Easily over 500 cha gio (fried imperial rolls) were stacked on aluminum trays and set on blue plastic kiddie stools. I asked for one order of cha gio and one order of bun cha. A woman sorting greens off to the side said, “No buy. Eleven,” and pointed to the wall-hanging clock. Thwarted.
After doing my tourist duties, checking out Ho Chi Minh’s Presidential Palace, House on Stilts, and Museum, I returned to Bun Cha Hang Manh by taxi at 10:50, in a blinding rainstorm.
The same woman was frying cha gio in one wok, lot leaf-wrapped pork patties in the other two woks. Even though it wasn’t quite 11, one of the women took pity on me and led me upstairs, to a small room with six tables.

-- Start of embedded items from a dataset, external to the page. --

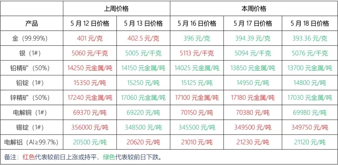 金、銀、鉛、鋅、銅、鋁等主要金屬本周報價
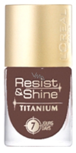 Resist & Shine Titanium 305 Marron Glacé, to je ultra-lesklá barva, neporušená během 7 dnů. Barva odolává nárazům, dokonce i na konečcích nehtů, neolupuje se!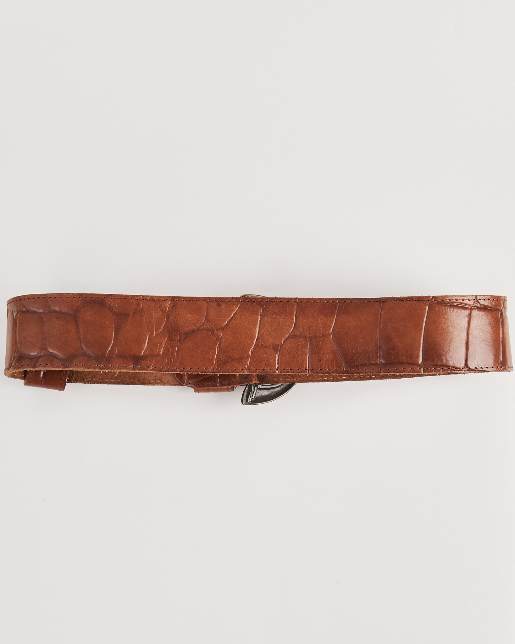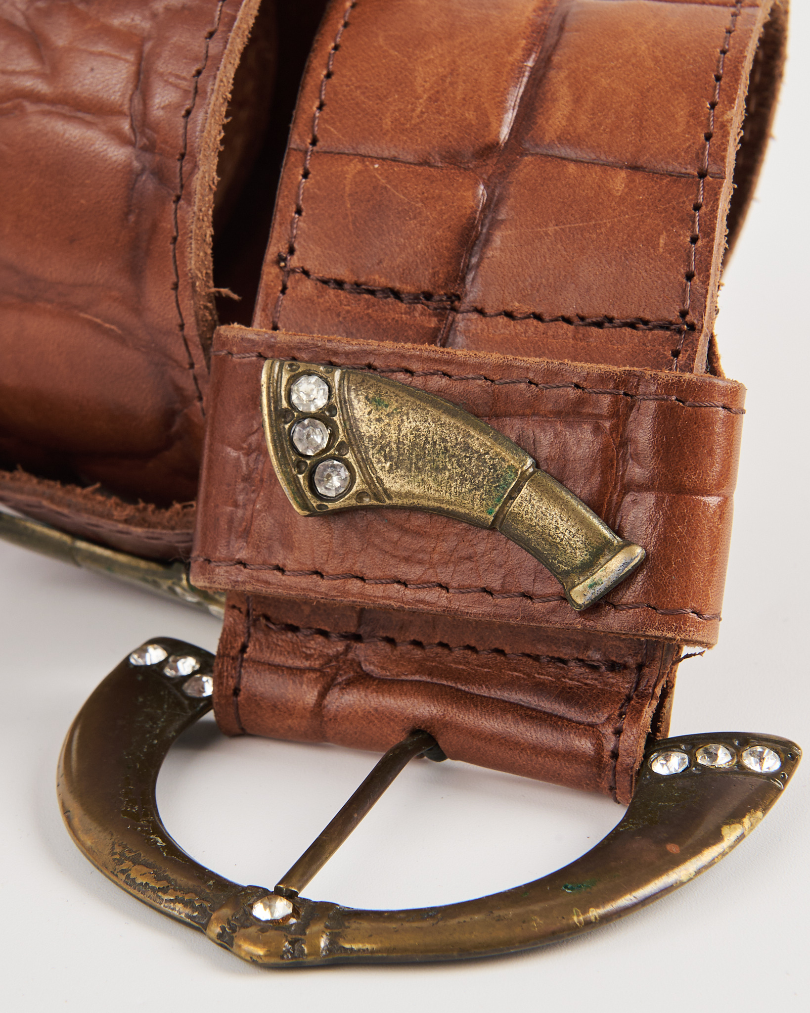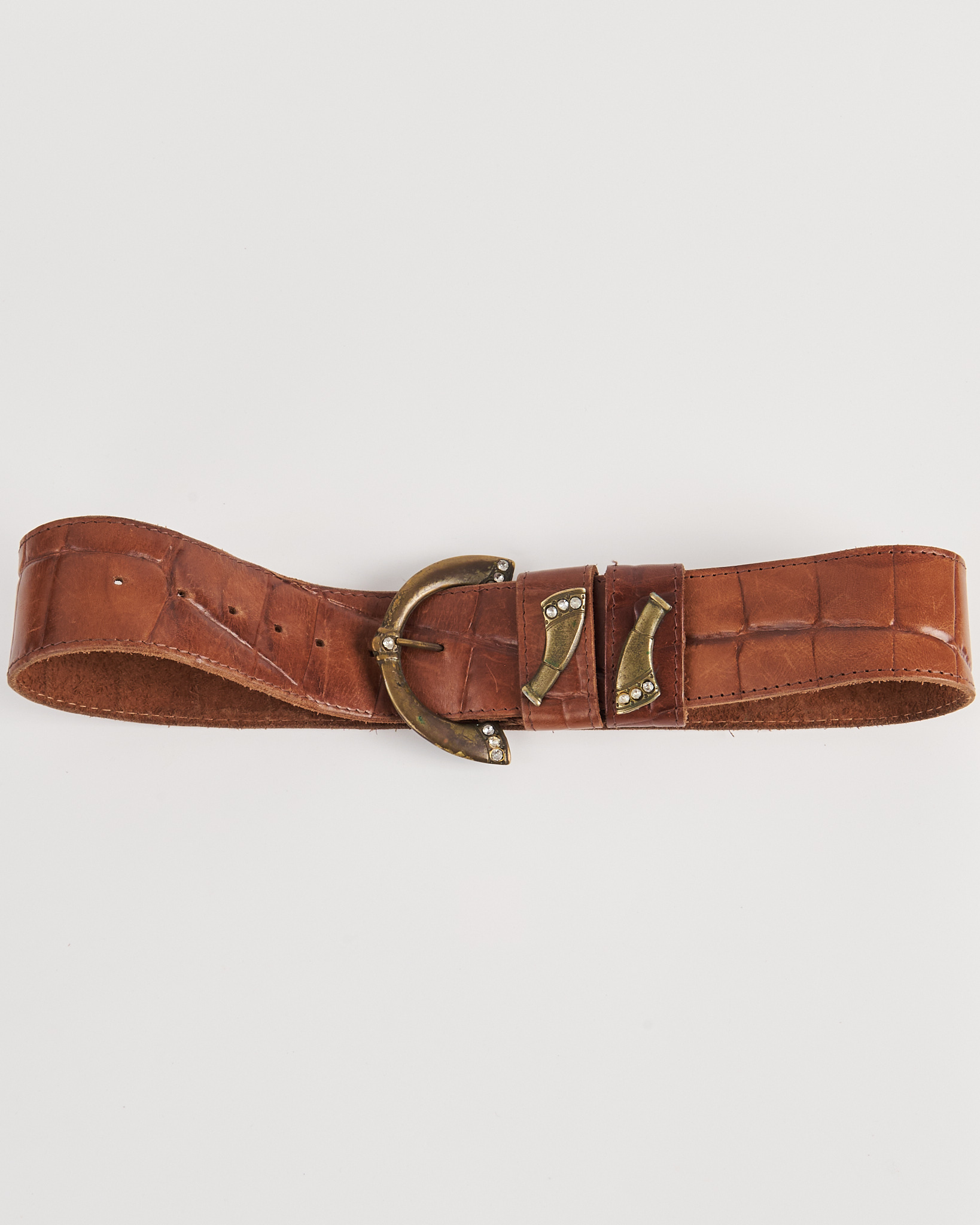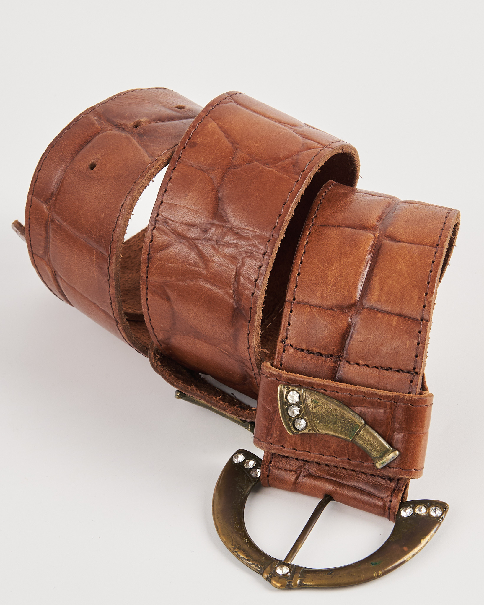Ремень из натуральной кожи с выразительным тиснением под крокодила. Выполнен в тёплом коричневом оттенке с естественной патиной и мягкими заломами. Широкий формат с акцентной полукруглой пряжкой из состаренного металла и декоративными вставками со стразами. Дополнен декоративными элементами на шлёвке

Each table was already set with plates of rice vermicelli, mint, sprouts and greens, a bowl of marinated green papaya slices, bowls of fish sauce, chopped garlic and sliced orange chilies.
I ordered bun cha and cha gio, the only two dishes available. The cha gio were crispy outside, juicy inside, filled with glass noodles, pork, crab, wood-ear mushrooms and onions. Each roll was two inches in diameter and unbelievably delicious. And this wasn’t even the restaurant’s specialty.

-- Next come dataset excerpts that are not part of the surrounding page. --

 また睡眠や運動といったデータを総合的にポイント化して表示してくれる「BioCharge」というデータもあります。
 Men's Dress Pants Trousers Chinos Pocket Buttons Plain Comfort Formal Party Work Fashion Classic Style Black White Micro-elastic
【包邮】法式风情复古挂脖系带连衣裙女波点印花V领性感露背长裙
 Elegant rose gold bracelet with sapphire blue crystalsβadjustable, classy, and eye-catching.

Bun Cha is the dish the restaurant’s named after; Hang Manh is the street. Bun [pronounced BOON] cha is a bowl of charcoal-grilled strips of tender pork belly, little pork patties and the pork patties wrapped in lot leaves. The meat was all fantastically juicy, since the porcine heap sat in a dark broth.
For the whole meal, easily a pound and a half of fresh, flavorful food, I was charged a paltry 30000 Dong, less than $2. Wow!